=== Section Start ===

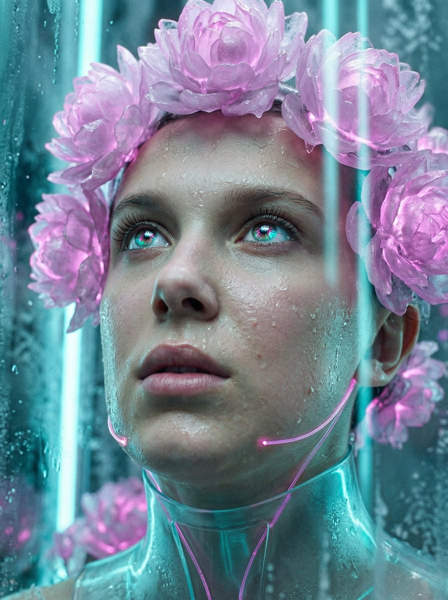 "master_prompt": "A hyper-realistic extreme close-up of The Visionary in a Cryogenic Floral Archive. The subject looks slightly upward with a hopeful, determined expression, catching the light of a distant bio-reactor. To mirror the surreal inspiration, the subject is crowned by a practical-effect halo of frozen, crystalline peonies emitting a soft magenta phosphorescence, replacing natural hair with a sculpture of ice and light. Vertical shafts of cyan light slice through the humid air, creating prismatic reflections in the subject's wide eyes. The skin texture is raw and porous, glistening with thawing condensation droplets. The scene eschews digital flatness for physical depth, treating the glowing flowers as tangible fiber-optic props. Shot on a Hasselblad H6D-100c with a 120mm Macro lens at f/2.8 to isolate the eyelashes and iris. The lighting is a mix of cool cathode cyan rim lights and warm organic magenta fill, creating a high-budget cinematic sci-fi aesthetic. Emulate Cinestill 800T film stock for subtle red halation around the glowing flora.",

=== Section End ===
=== Section Start ===

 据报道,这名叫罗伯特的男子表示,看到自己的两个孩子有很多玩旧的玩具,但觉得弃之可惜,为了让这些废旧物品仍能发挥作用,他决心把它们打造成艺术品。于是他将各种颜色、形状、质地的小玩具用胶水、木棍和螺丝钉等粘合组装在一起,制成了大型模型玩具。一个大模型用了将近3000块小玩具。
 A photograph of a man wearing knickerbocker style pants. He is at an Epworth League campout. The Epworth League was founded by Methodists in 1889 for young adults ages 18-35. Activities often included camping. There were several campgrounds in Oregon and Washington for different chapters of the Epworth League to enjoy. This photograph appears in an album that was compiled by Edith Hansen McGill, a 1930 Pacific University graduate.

=== Section End ===
=== Section Start ===

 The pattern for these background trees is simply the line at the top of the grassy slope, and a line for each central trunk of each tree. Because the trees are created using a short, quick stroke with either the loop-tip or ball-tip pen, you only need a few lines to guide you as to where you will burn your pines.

=== Section End ===

▶ _TASK DIRECTIONS_
Reproduce word for word the material above, beginning with the line that contains "据报道,这名叫罗伯特的男子表" and ending with the line that contains "A photograph of".

▶ _RESULT BELOW_
 据报道,这名叫罗伯特的男子表示,看到自己的两个孩子有很多玩旧的玩具,但觉得弃之可惜,为了让这些废旧物品仍能发挥作用,他决心把它们打造成艺术品。于是他将各种颜色、形状、质地的小玩具用胶水、木棍和螺丝钉等粘合组装在一起,制成了大型模型玩具。一个大模型用了将近3000块小玩具。
 A photograph of a man wearing knickerbocker style pants. He is at an Epworth League campout. The Epworth League was founded by Methodists in 1889 for young adults ages 18-35. Activities often included camping. There were several campgrounds in Oregon and Washington for different chapters of the Epworth League to enjoy. This photograph appears in an album that was compiled by Edith Hansen McGill, a 1930 Pacific University graduate.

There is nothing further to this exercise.